File this under “People I hope won’t be my neighbor”.
I live with 4 of them. Thankfully my ears are mostly shot out and I can’t hear most of their hen fights.
Sounds like complete B.S. to me.
My experience is women scream at least as often as men shout.
This just makes one shake the head in despair for the future of humanity...
Is this an offshoot of the crazy satanic crap that the media were praising Jennifer Anniston for regarding her ritual of meeting with other women in what they call “goddess circles”?
Neurotic and proud of it (and probably more than half of the time, the root cause of their own issues).
Yeesh.
This isn’t new. In the Middle Ages, they called them banshees.
Goes along with the fact that most lieberals have psychiatric issues and are taking prescription psychotropic medications.
“So, I want you to get up now. I want all of you to get up out of your chairs. I want you to get up right now and go to the window. Open it and stick your head out and yell: ‘I’m as mad as hell, and I’m not gonna take this anymore!’”
Hunting for that missing 10mm socket.
Give them some boards, very short nails and a hammer. When they bang their thumb, scream. Like we do.
How about an engine head or block with a broken off bolt?
Very thoughtful to keep it to themselves. Is there anything women won’t turn into a social activity? The older I get, the more I value solitude, especially on my daily walks. I am also planning a solitary camping trip. The last I want to hear is screaming, or even talking for that matter.
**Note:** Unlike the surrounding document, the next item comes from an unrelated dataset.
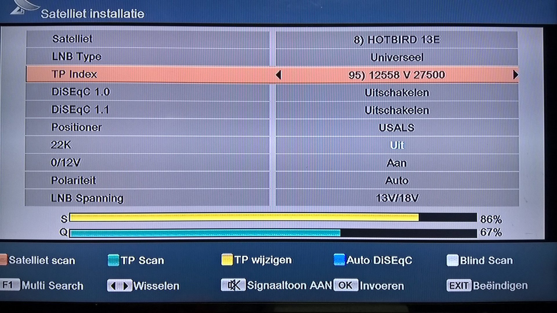 Satterdam Geplaatst: 19 april 2020 Geplaatst: 19 april 2020 Van de week is er een pakket saudische zenders van start gegaan op de Hotbird op transponder met de volgende parameters: Frequentie: 12558 Polaristatie: verticaal Symbolrate: 27500 FEC: 3/4 helaas komt deze transponder zwak binnen op mijn Triax 88 cm schotel. Het signaal schommelt heel erg. Tussen 30 en 45 % met soms een uitschieter naar 50 tot 60 % . het beeld is hier door heel erg blokkerig/verstoord. Mijn opstelling is een tegelvoet op het balkon met vrije uitzicht. Dus geen bomen of gebouwen in de weg. het is een multifeed opstelling met 3 lnb's . ben nu overgeschakeld op een single lnb opstelling maar ook dat maakt geen verschil . Ik weet niet wat ik verder nog kan doen. Is het signaal van de transponder gewoon zwak? een 88cm schotel moet ruim voldoende zijn voor Hotbird ontvangst.

From what I see the ladies yell way more than men.
I play that Pearl Jam song Wishlist for my wife, “I wish I was a neutron bomb so once I could go off.,”
In every other era of humanity these people would be called insane.
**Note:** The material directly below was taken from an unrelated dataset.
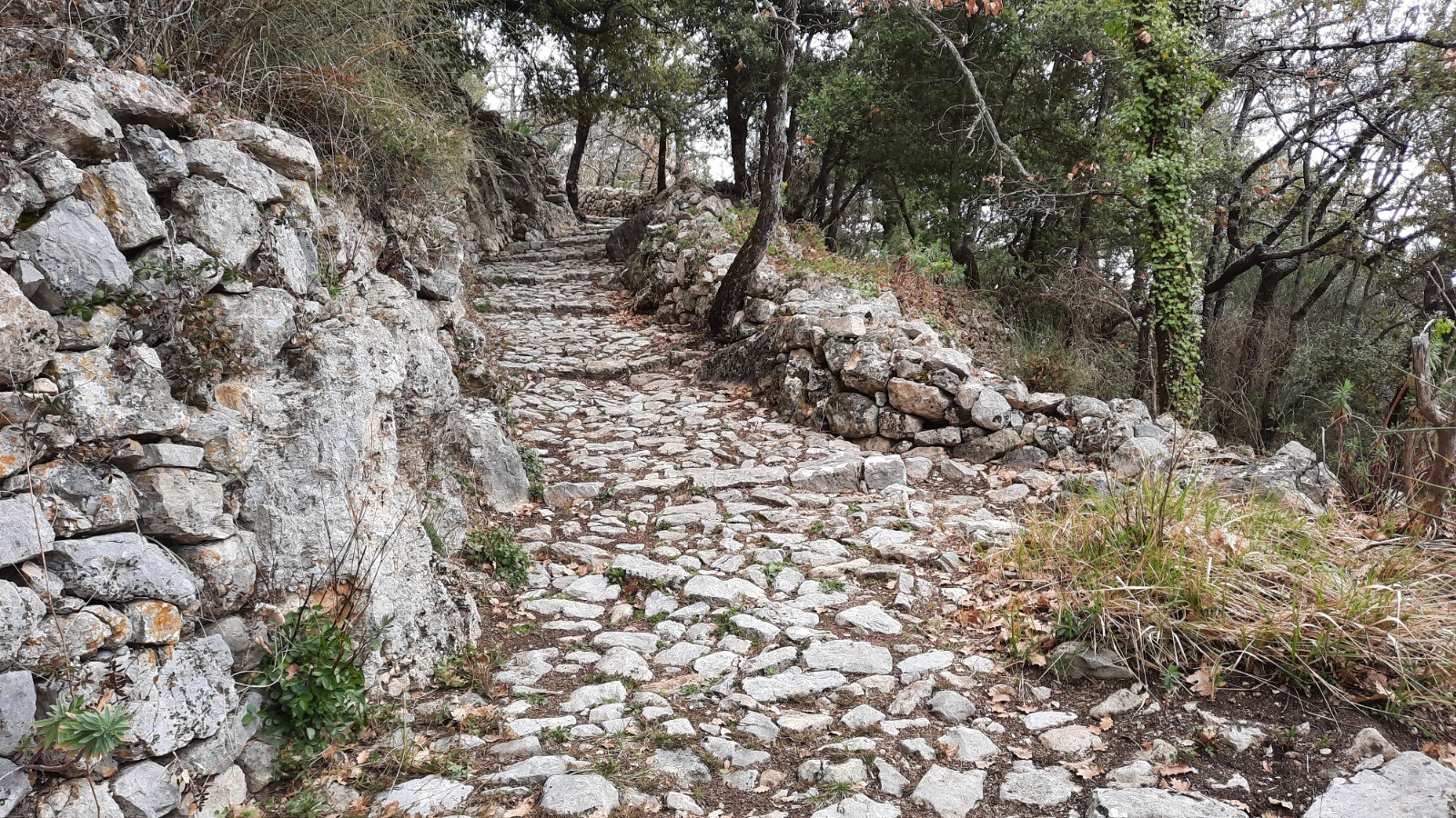 Début de parcours sur une belle calade qui mène à la chapelle de Beauvoir.

I hear snowflakes in the night.... everywhere.
For the life of me I don't see why some entrepreneur doesn't sell bulk 10mm sockets.
Very high on the crazy axis, likely not high on the hot axis either: no go zone
“This just makes one shake the head in despair for the future of humanity...”
Just pray that they don’t breed.
She would have really lost her voice during the Ice Age meltdown.
That's why we have the My Pillow guy. Scream all you want just it down. If your impulse control issues persist seek menial health professionals, all you may need is sex reassignment surgery.